Kalenele runs a training session for weavers in Dharwad.
​  Saris, accessories, wood crafts and more are on display and for sale | Masiha Farheen  ​
​ Saris, accessories, wood crafts and more are on display and for sale | Masiha Farheen ​

CHENNAI: Kamala Craft Shop in Egmore wore a colourful look on Thursday as drapes from Karnataka adorned it. To revive and reinterpret the traditional weaves of Karnataka, Janhavi Kulkarni and Anuradha Mahadevan, co-founders of Kalenele, visited the city and interacted with the audience.

They took us through the intricate tales of Ikal, Khun, and Kasuti embroidery, which have a larger significance among Karnataka’s weaves. “When I travelled to different regions, I discovered that Karnataka’s crafts are among the least explored, which motivated me to start Kalenele,” says Janhavi, adding that in Kannada, ‘kale’ means art and ‘nele’ means to shelter. 

The vibrant sale displays a collection of skillfully hand-loomed silk and cotton saris, dupattas, accessories, fabric, cushions, torans, and other wood crafts, reflecting Karnataka’s weaving tradition.

Narrating the exquisiteness of kasuti embroidery, Janhavi says that it was practiced in and around Dharwad and takes inspiration from the world around us. It uses four stitches — Gavanti, Murgi, Menthe, Negi — and carry religious, bird, flower, and animal motifs like ratha, ane ambari, gopura, aakash kandil, Ganesha mandapa, and tulsi katte. “Sometimes people have their interpretation of the designs. This idea of weaving stories via art has its impact on the current and coming generations, as it gives them a chance to learn about the past and its culture,” she says.  

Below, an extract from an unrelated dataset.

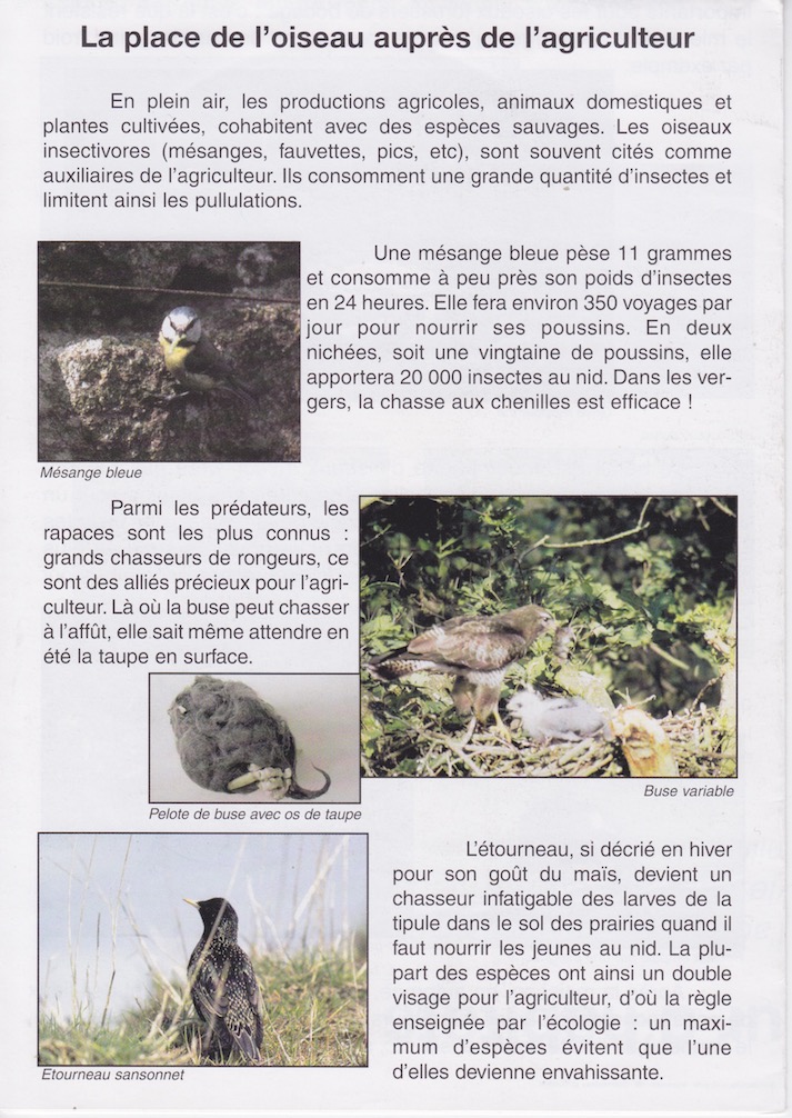 2004 04 18 - oiseaux de la ferme - animations concertées - plaquette - Des financements furent cherchés du côté des PNR et des Chambres d'agriculture (dont 3 sur 5 répondirent positivement) Rappeler que les oiseaux peuvent être des auxiliaires... La pose de nichoirs à mésanges s'est généralisée dans les vergers basses tiges en particulier. Défaut de jeunesse : trop de texte, mais il y a tant à dire pour défendre les mares, les haies, les bosquets, les chaumes... 2004 04 28 - animations concertées- courrier de synthèse

Artisans must be given the right platform to present the rich legacy of their region to the world, and Kalenele does just that. “There are countless talents in our nation; if given the right opportunity, they can bring out their artistic endeavours,” says Janhavi.

Kalenele runs a training session for weavers in Dharwad. They are trained to hone their skills and understand the nuances of the craft.

Through such initiatives, the vanishing art forms can be restored, sustainable employment can be created to benifit artisans monetarily, they believe. “What stands out is how they engage with each of their weavers and artisans through the journey of design and product development,” notes Anuradha.  These weaves of Karnataka will be available at Kamala Craft Shop, Egmore till today.